[Opening Input records section]
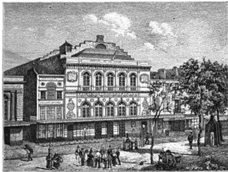
Théâtre de la Gaîté (boulevard du Temple à Paris), démoli en 1862
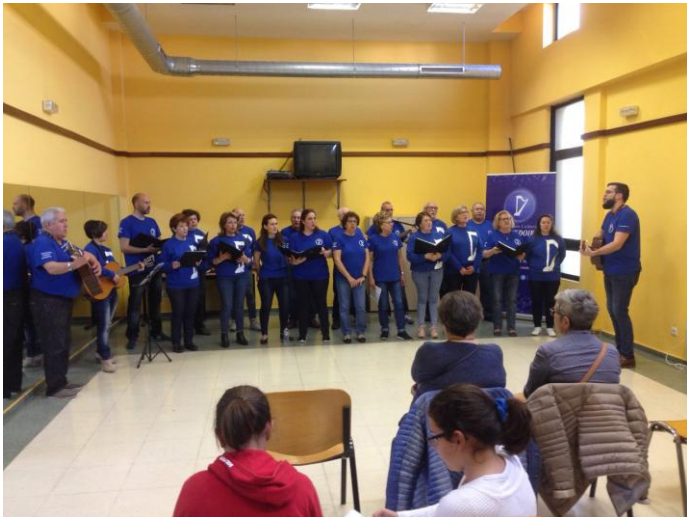
Enchendo o espazo de notas musicais.

O pasado día 5 no Centro Cívico de San Pedro de Visma, membros do Coro e Rondalla, puxeron punto e final, a un ano de actuacións polos Centros Cívicos da cidade.
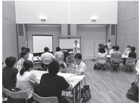
阪神ブロック初任者勉強会

し合うことが出来ました。グループの話し合いで上がった意見の中には、このように顔の見える関係が出来ることで、これからもお互いに助け合う繋がりが出来たことは、今回の勉強会の大きな収穫の一つとなったという話がありました。
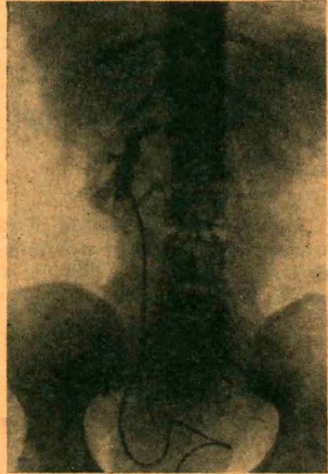
Figura 2 La misma paciente después de la quistectomía.

insinúa hasta el pedículo; la punción dió 75 c.c. de líquido ambarino. Con gran dificultad se efectúa la quistectomía abriéndose el cáliz medio que es suturado con catgut simple 000. Se coloca un trozo de Spongostan y se cierra la cavidad resultante con puntos profundos ee X; "drenaje postural" que sale a 5 cm. del extremo inferior de la herida y cierre de la pared por planos: piel con algodón.
[Closing Input records section]
Exercise goal: A single number is the answer: the count of lines above that include the string "quistectomía".

Final answer: 2